Member of the Council of the District of Columbia for Ward 8
- In office January 2, 1975 – January 2, 1977
- Preceded by: Position established
- Succeeded by: Wilhelmina Rolark

Personal details
- Born: c. 1930 (age 95–96)
- Party: Democratic
- Spouse: Marcia Hall Otey ​(m. 1987)​
- Education: Howard University (BA)

= James Coates (politician) =

American politician (born 1930)

James E. Coates (born c. 1930) is an American Baptist minister and former Democratic politician in Washington, D.C.

==Early years==
James E. Coates was born to Louise and George E. Coates. He attended Howard University's School of Religion, and he graduated with honors.

==Religious career==
In 1954, Coates was ordained as a minister and became the pastor of Bethlehem Baptist Church on October 5, 1957. In 2019, the D.C. council passed a resolution commemorating the 65th anniversary of his ordination.

==Political career==
===District of Columbia Board of Education===
====Nomination in 1967====
In 1967, Coates was nominated for one of three open seats on the District of Columbia Board of Education. Coates had served as staff director of the Congress Heights Neighborhood Development Center. Coates supported opening schools year-round. He also supported privatizing the operation of vocational schools.
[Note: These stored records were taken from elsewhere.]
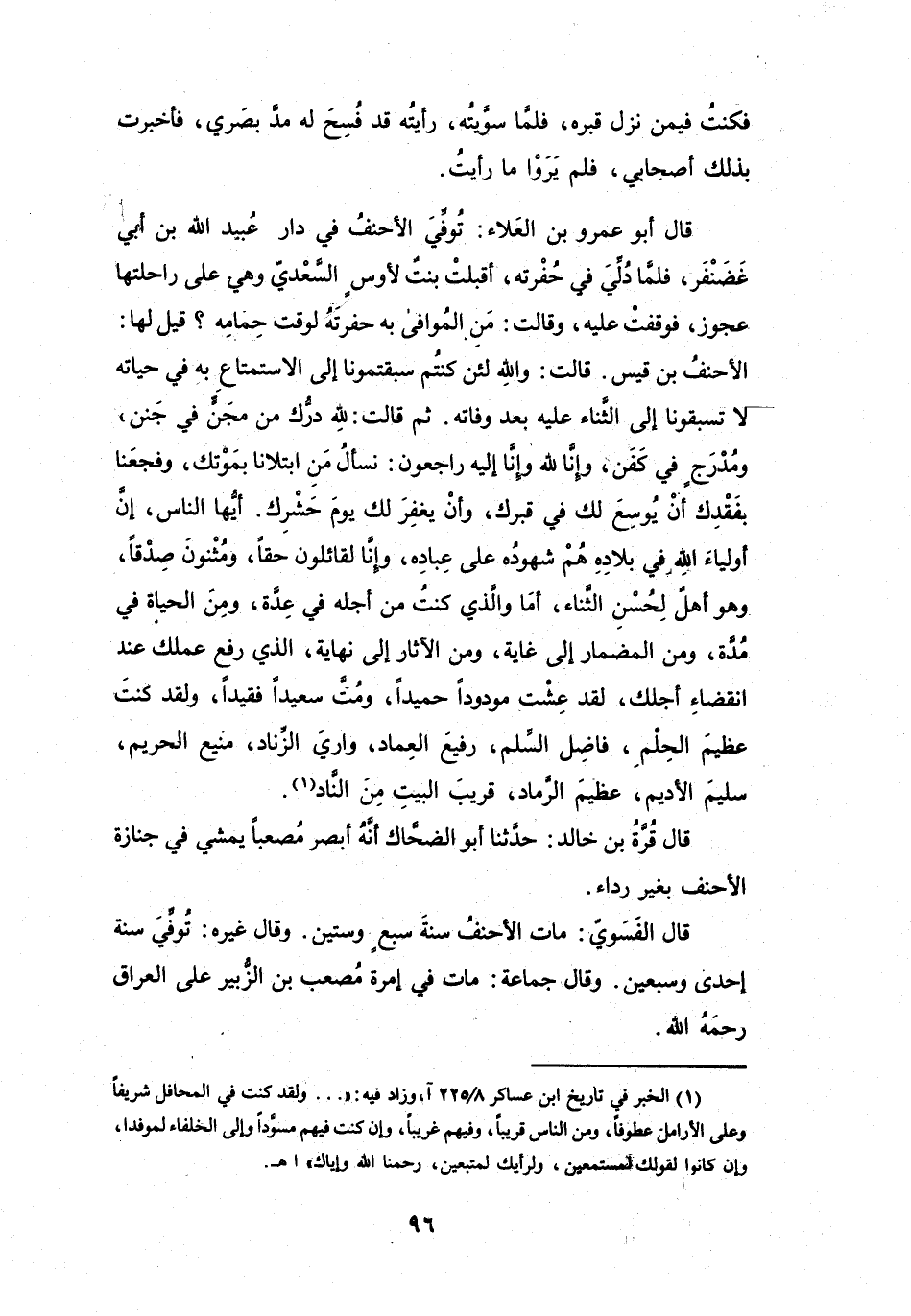 (1) الخبر في تاريخ ابن عساكر 8 / 225 آ، وزاد فيه: "..ولقد كنت في المحافل شريفا وعلى الأرامل عطوفا، ومن الناس قريبا، وفيهم غريبا، وإن كنت فيهم مسودا وإلى الخلفاء لموفدا، وإن كانوا لقولك لمستمعين، ولرأيك لمتبعين، رحمنا الله وإياك " اه.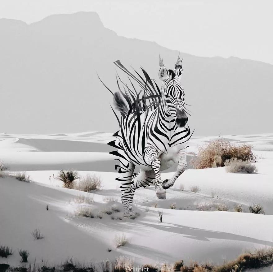 用一句話來概括就是:在他的手下,動(dòng)物們真的已經(jīng)被“玩壞”了!那么如何才能創(chuàng)作出如此創(chuàng)意十足的作品?阿迪亞表示,他喜歡在圖庫與社交媒體中尋找靈感,然后根據(jù)不同動(dòng)物的不同特點(diǎn),例如斑馬、長頸鹿和老虎的皮毛或皮膚,將動(dòng)物圖片編輯成自己腦海中的形象。鯨魚在沙漠中游泳、天鵝在太空翱翔,棕熊背著一座雪山……一起欣賞!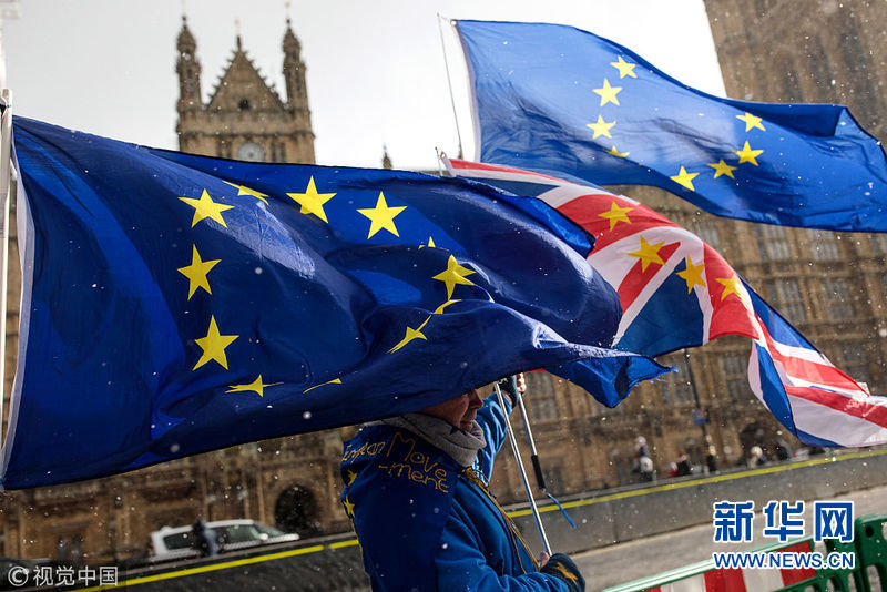 2月26日,英國倫敦,示威者在議會大廈外抗議“脫歐”。(圖片來源:視覺中國)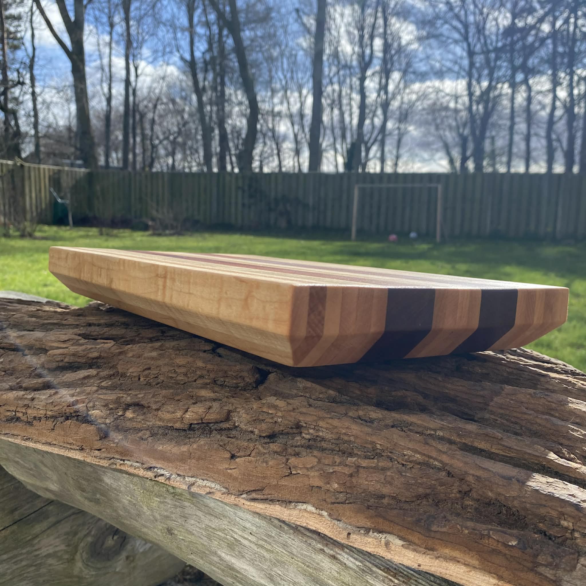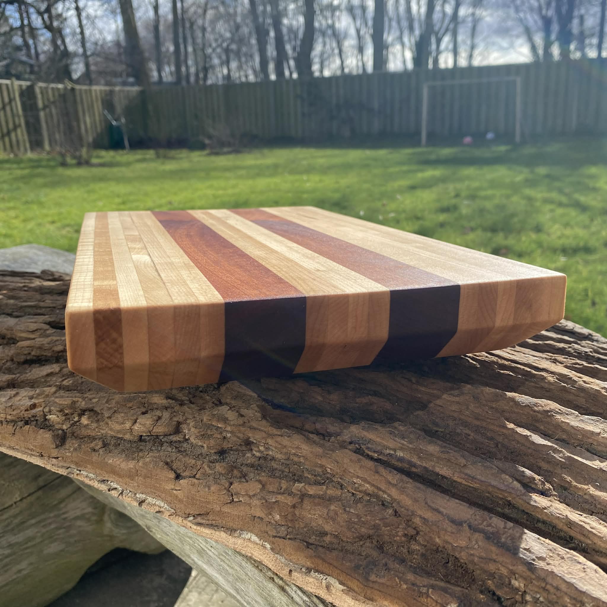 This handcrafted cutting board is made from a beautiful combination of Maple, Sapele and White Oak, carefully selected for both durability and natural character.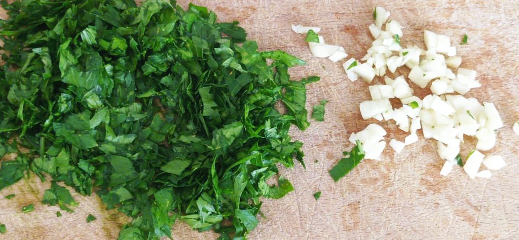 Neem ten slotte een beetje peterselie en het teentje knoflook en hak ze fijn. Leg de aubergines op een serveerschaal en breng op smaak met de peterselie, knoflook, olie, azijn en zout. Dek af met plasticfolie en laat 30 minuten op kamertemperatuur intrekken.

Coates' candidacy was endorsed by Americans for Democratic Action and D.C. Citizens for Better Public Education. At the time, federal district judges appointed the members of the District of Columbia Board of Elections. The federal judges decided to appoint other individuals to the District of Columbia Board of Education.

====Candidacy in 1968====
The first public election for members of the District of Columbia Board of Education was held in 1968. Coates was a candidate to represent Ward 8 on the District of Columbia Board of Education. Coates' nomination was endorsed by the Washington Baptist Ministers Conference. Coates supported more training for teachers and contracting with a private developer to build new schools. Coates' candidacy was endorsed by the Washington Teachers Union, the District Republicans, the Baptist Ministers Conference of Washington, D.C., the D.C. Education Association, and the editorial board of The Washington Post. Coates and Edward E. Saunders both advanced to a run-off election. The D.C. Democrats declined to endorse him. Coates won the run-off election, receiving 1,584 votes to Saunders' 1,187 votes.

====First term====
Coates' term in office began on January 26, 1969. The members of the District of Columbia Board of Education elected Coates president.

In February 1969, Coates joined other members of the Board of Education to review school textbooks for examples of racism and outdated content. A high-school textbook described Southerners during the Civil War as "ready to defend the Southern way of life...slavery or no slavery". Another textbook described Ho Chih Minh as the leader of an "independent movement".

===Council of the District of Columbia===
Coates was elected as one of the original members of the Council of the District of Columbia in 1974 when D.C. gained home rule. Coates represented Ward 8 on the council from 1975 to 1977.

==Personal life==
Coates married Marcia Hall Otey in January 1987.